On our second day we met 68 year old Hideo Kumagai. Mr. Kumagai injured his ribs, stomach and hand when the car he was driving was over taken by the tsunami. He was able to scramble to safety and escape with his life but lost his house, his rice fields and his company went bankrupt as a result of the tsunami. He said he is looking for a job but it is hard without a car to get him there.

Seventy-one year old Isao Sato is a strawberry farmer. I first spotted him poking around in a field, pulling an electrical cord from the earth. He points to his right. “This is where my house used to be… those were my strawberry fields.” He points behind him. “Over there was the designated evacuation center.” Fifty-four of his neighbors, are dead or missing. When the tsunami warning signal went off, many people ran to the designated evacuation center on a hill called Sugninoshita. Some people ran from the ocean to a bridge. Those that sought protection from the Sugninoshita were swept away when the giant wall of water overtook their building. Those that ran to the bridge, lived. Isao Sato has been living in a shelter since the tsunami and says, “it is okay for now. It will be, until it isn’t.”

In Minamisanriku, we happened by Mr. Okoshi and four bubbly children. Before the tsunami Mr. Okoshi owned a business that distributed sake and propane. On this day, Mr. Okoshi and the children were looking for his bottles of sake to donate to the fire department and propane tanks to fill his customers orders. The children laughed and played and took turns sweeping dirt from the concrete foundations, where houses once stood.

We continued driving south until we hit a road block . At a gas station where the road literally comes to an end; workers reported for their last day of business. Using a bicycle powered pump, gas station employee, Keichi Kumagai, syphons gas from the ground well, into the customers tank. Behind him, the remains of the gas station stood twisted in a knot, an 18 wheeler on it’s side tangled in the wreckage.

On our fourth day of shooting we followed volunteers from Peaceboat to the neighborhood of Shirasagidai in Ishinomaki. The government and military have taken responsibility for the evacuation centers but there are thousands of people, not living in the centers, who need help. NGOs such as Peaceboat are hitting the ground to assist the government in bring aid to those people not displaced by the tsunami. Aid workers explain that it is hard to give aid because many people turn down help. They feel they do not qualify for support and say things like, “We still have our home… we are ok, help others first, they really need it… I have enough.” They would say these things sincerely. If they had enough to survive they would volunteer themselves to the back of the line. If they had anything, they would offer you some.

Shirasagidai is a newer neighborhood with big modern houses. If you did not know any better you would wonder why this neighborhood is getting aid… If you did not know better. The fact of the matter is, even though a house was left standing, the job that payed the mortgage may be gone. The grocery store that serves the community may be gone and access to clean drinking water may be difficult. And, in at least one instance, a house built for a family of five now shelters seventeen. To communities such as Shirasagidai, Peaceboat brings diapers, clothes, assorted food items and a hot meal. At first the people try to turn down the help, but eventually accept it, thankfully.

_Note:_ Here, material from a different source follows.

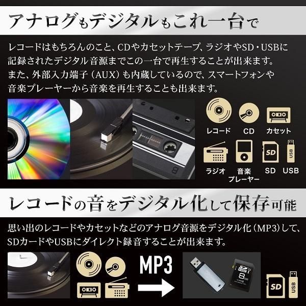 レコードはもちろんのこと、CDやカセットテープ、ラジオやSD、USBに記録されたデジタル音源までこの一台で再生可能。

The children we met along the way were always happy, smiley and playful. In some ways they are the lucky ones. Their minds can not yet grasp the enormity of the destruction all around them. In their naivety, the house with it’s sides torn off and innards exposed is cool, because it, “looks like a drive through.” and the foundations with no homes are fun to play on. The adults showed true strenth. They are perfectly capable of understanding their situation and the vast majority of them came across as positive and focused. They would smile while they work and were thankful for what they still have; determined to rebuild their lives.